B is (CH3)C6H4(CH3). The two methyl groups on the phenyl ring can be in any positions.
When A and B are treated with KMnO4, A becomes C6H5COOH. B becomes HOOCC6H4COOH. B reacts with thionyl chloride to form C, which is ClOCC6H4COCl. C then reacts with methanol to form a diester, D, CH3OOCC6H4COOCH3.
(b) E is a tertiary alcohol, CH3CH2COH(CH3)2
F could be a primary alcohol, CH3CH2CH2CH2CH2OH
G could be a secondary alcohol, CH3CHOHCH2CH2CH3
(iii) E has no reaction with K2Cr2O7 because tertiary alcohols cannot be oxidised.
F is oxidised to a carboxylic acid, CH3CH2CH2CH2COOH. I can add sodium carbonate to the acid and carbon dioxide that is liberated gives a white precipitate with calcium hydroxide.
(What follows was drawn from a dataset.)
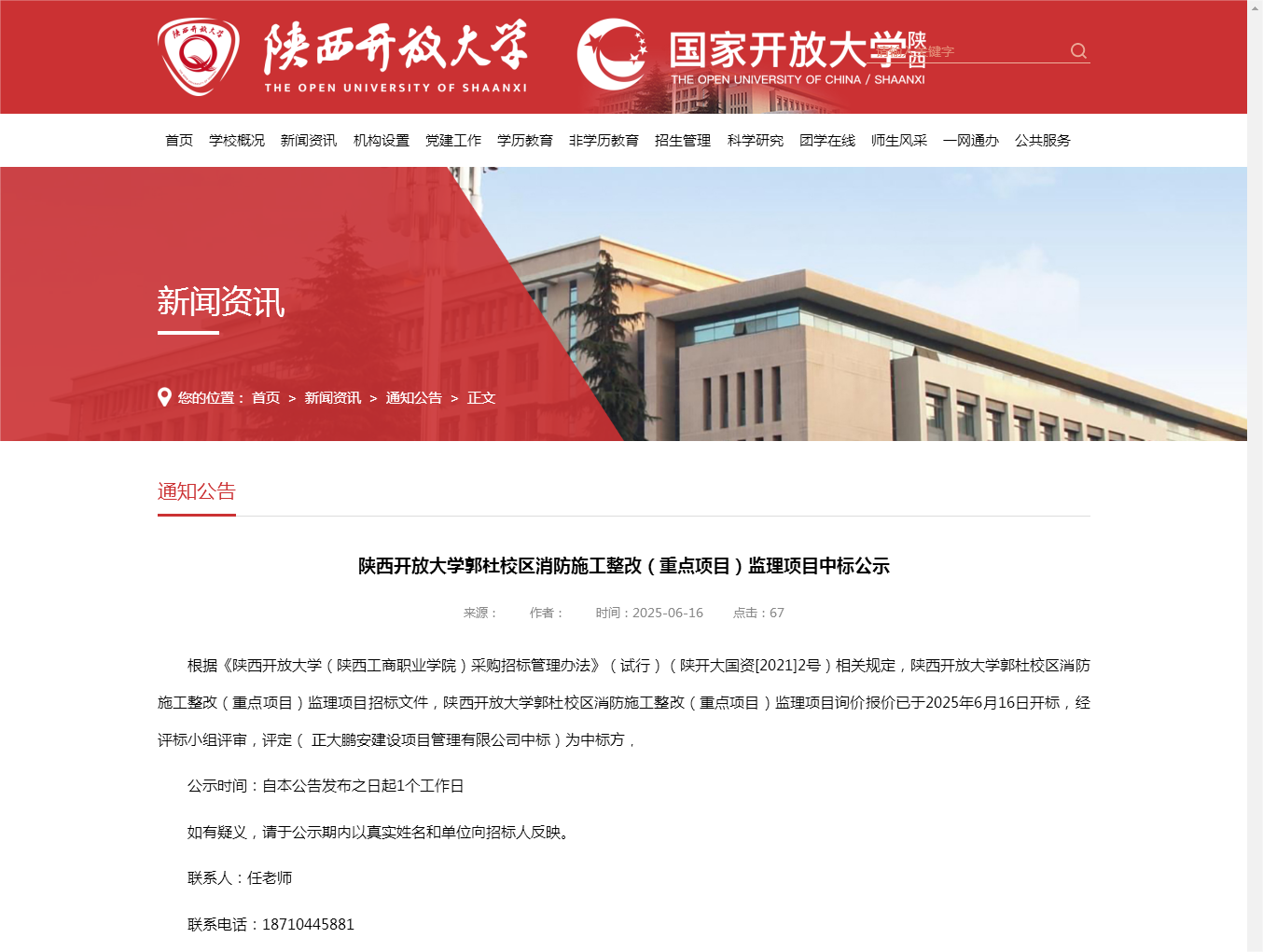 2025年6月16日,經(jīng)評標(biāo)委員會綜合評審,招標(biāo)人確認(rèn),正大鵬安中標(biāo)陜西開放大學(xué)郭杜校區(qū)消防施工整改(重點項目)監(jiān)理項目。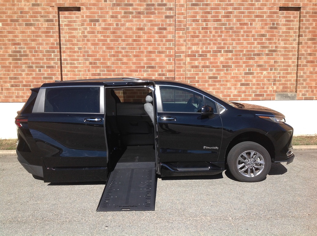 2023 Toyota Sienna XLE Plus HV, BraunAbility RampVan Xi power in-floor conversion, Toyota Safety Sense 2.0, STAR safety system, LATCH child seat anchor system, Blind spot monitor, 5-door smart key with push button start, LED headlights, hands free dual power sliding doors, power liftgate, front and rear parking assist with auto brake, power tilt/slide moonroof, 9″ touchscreen display, HandsFree Bluetooth phone/music, USB media port, 6 USB charge ports, Satellite radio, auto climate control with rear controls, SofTex trimmed seats, heated and power front seats, XLE Plus package including NAV, rubber non-skid flooring. Disability Equipped, Handicap Accessible, Wheelchair accessible, Handicap van, Wheelchair van, Handicap vans, Wheelchair vans

G is oxidised to a ketone, CH3COCH2CH2CH3. The ketone gives an orange precipitate with 2,4-DNPH.
(iv) F reacts with PCl3 to form CH3CH2CH2CH2CH2Cl. It then reacts with NaCN to form CH3CH2CH2CH2CH2CN. Then it reacts with LiAlH4, a reducing agent, to form an amine, H, which is CH3CH2CH2CH2CH2CH2NH2.